§ ACTIVITY
An exact transcription of all the data is required; the pictures are to be left out.

§ DATASET EXCERPT
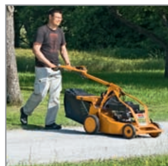
Arresto lama antipietrisco

Carter coprilama parasassi e struttura particolarmente stabile. La potenza di un motore a 2 o 4 tempi AS, la regolazione continua della velocità, le ruote di grandi dimensioni per una trazione ottimale e la tecnologia che richiede pochissima manutenzione consentono all'utilizzatore di avere sempre il meglio. A richiesta con arresto lama.
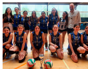
Boleiboleko jubenilak. OSTADAR BOLEIBOLA

Ostadar Boleibola saileko jubenilek Aldapeta Maria A taldea garaitu zuten Gipuzkoako txapelketako finalean. Lehen seta galtzen hasi arren, jokalaria urdin-beltzek gogor borrokatu eta itzulua eman zioten neurketari, merezitako saria eskuratzeko.

§ ANSWER TO THE EXERCISE
Arresto lama antipietrisco

Carter coprilama parasassi e struttura particolarmente stabile. La potenza di un motore a 2 o 4 tempi AS, la regolazione continua della velocità, le ruote di grandi dimensioni per una trazione ottimale e la tecnologia che richiede pochissima manutenzione consentono all'utilizzatore di avere sempre il meglio. A richiesta con arresto lama.
Boleiboleko jubenilak. OSTADAR BOLEIBOLA

Ostadar Boleibola saileko jubenilek Aldapeta Maria A taldea garaitu zuten Gipuzkoako txapelketako finalean. Lehen seta galtzen hasi arren, jokalaria urdin-beltzek gogor borrokatu eta itzulua eman zioten neurketari, merezitako saria eskuratzeko.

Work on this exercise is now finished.